Content starts

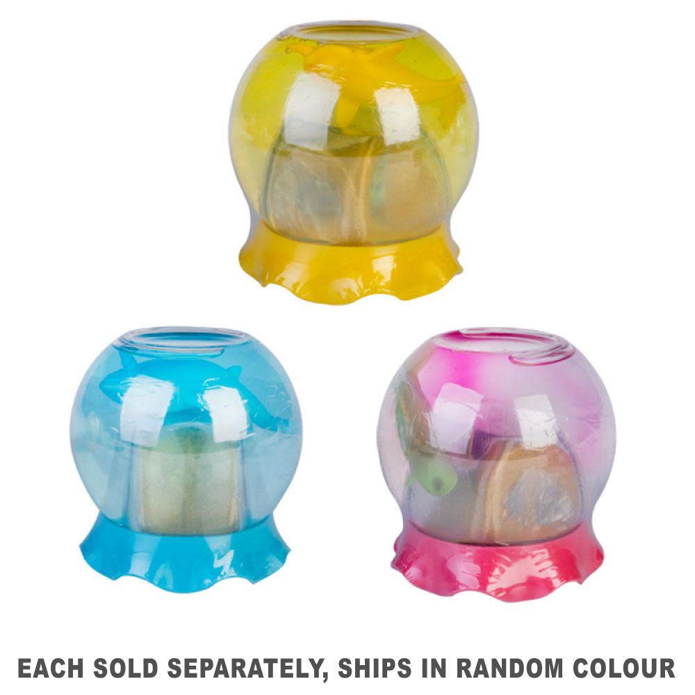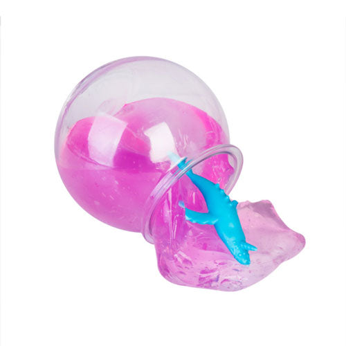 Ooey gluoey Slime avec une créature marine nageant dans chacun. Comprend un coffre au trésor avec une surprise mystère qui attend d'être creusée. Un pot en forme de bol à poisson avec un couvercle coloré assorti maintient la boue sans poussière. Peut varier de 3 couleurs vives.
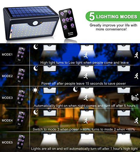 5 Modes Under The Remote Control• Motion sensor+low light mode/ Motion sensor mode(power saving mode)/ Always lighting mode/ Automatic mode/ Emergency light mode.
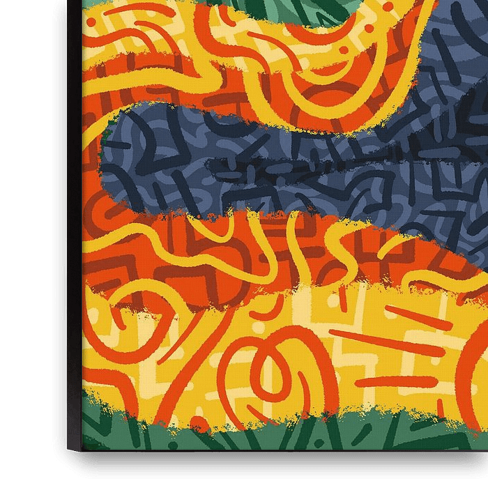 Layered textures and bold organic shapes intertwine, suggesting unseen movements beneath the surface. The vibrant contrast of warm and cool tones creates a sense of depth, as if the forms are quietly shifting and breathing within the space. This artwork feels special in an interior because its layered patterns and organic shapes invite…
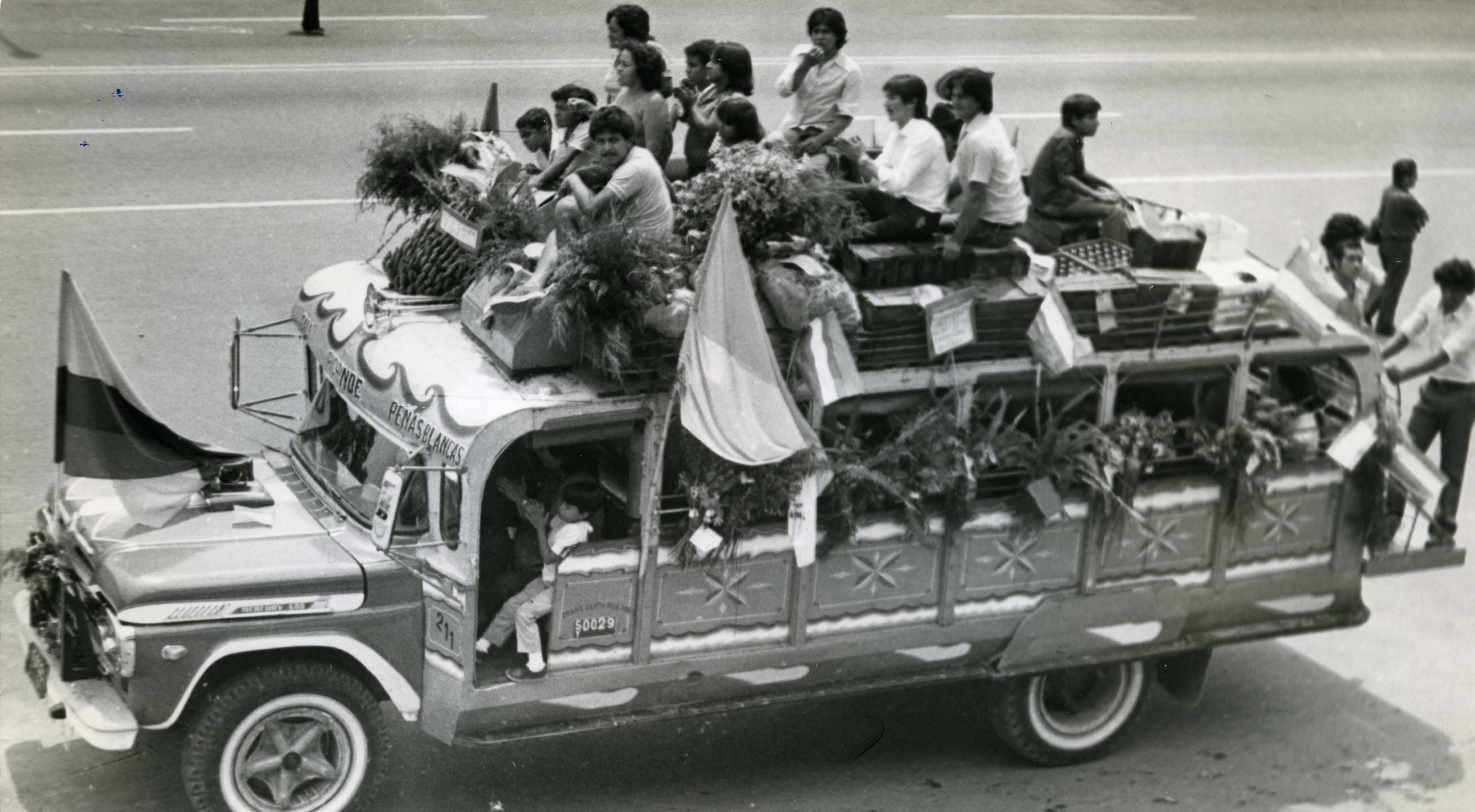 En esta fotografía se puede observar una chiva (transporte) transitando en las calles de la ciudad de Cali, podemos ver que la chiva en su parte superior lleva personas y algunas pertenencias de las personas que utilizan este medio de trasporte. // El Archivo del Patrimonio Fotográfico y Fílmico del Valle del Cauca es responsabilidad de la Biblioteca Departamental del Valle Jorge Garcés Borrero, por convenio de cooperación suscrito con la Secretaria del Cultura Departamental, con el fin de aunar esfuerzos para su conservación, preservación y divulgación del Archivo entre la comunidad Vallecaucana, especialmente entre los estudiantes e investigadores que visitan la Biblioteca, propiciando el su uso y consulta permanente. La universidad Icesi es un colaborador en el proceso de difusión, facilitando la tecnología que permite la consulta de las imágenes.

Content ends

Task to complete:
Output the full listing verbatim; pictures stay out.

Answer:
 Ooey gluoey Slime avec une créature marine nageant dans chacun. Comprend un coffre au trésor avec une surprise mystère qui attend d'être creusée. Un pot en forme de bol à poisson avec un couvercle coloré assorti maintient la boue sans poussière. Peut varier de 3 couleurs vives.
 5 Modes Under The Remote Control• Motion sensor+low light mode/ Motion sensor mode(power saving mode)/ Always lighting mode/ Automatic mode/ Emergency light mode.
 Layered textures and bold organic shapes intertwine, suggesting unseen movements beneath the surface. The vibrant contrast of warm and cool tones creates a sense of depth, as if the forms are quietly shifting and breathing within the space. This artwork feels special in an interior because its layered patterns and organic shapes invite…
 En esta fotografía se puede observar una chiva (transporte) transitando en las calles de la ciudad de Cali, podemos ver que la chiva en su parte superior lleva personas y algunas pertenencias de las personas que utilizan este medio de trasporte. // El Archivo del Patrimonio Fotográfico y Fílmico del Valle del Cauca es responsabilidad de la Biblioteca Departamental del Valle Jorge Garcés Borrero, por convenio de cooperación suscrito con la Secretaria del Cultura Departamental, con el fin de aunar esfuerzos para su conservación, preservación y divulgación del Archivo entre la comunidad Vallecaucana, especialmente entre los estudiantes e investigadores que visitan la Biblioteca, propiciando el su uso y consulta permanente. La universidad Icesi es un colaborador en el proceso de difusión, facilitando la tecnología que permite la consulta de las imágenes.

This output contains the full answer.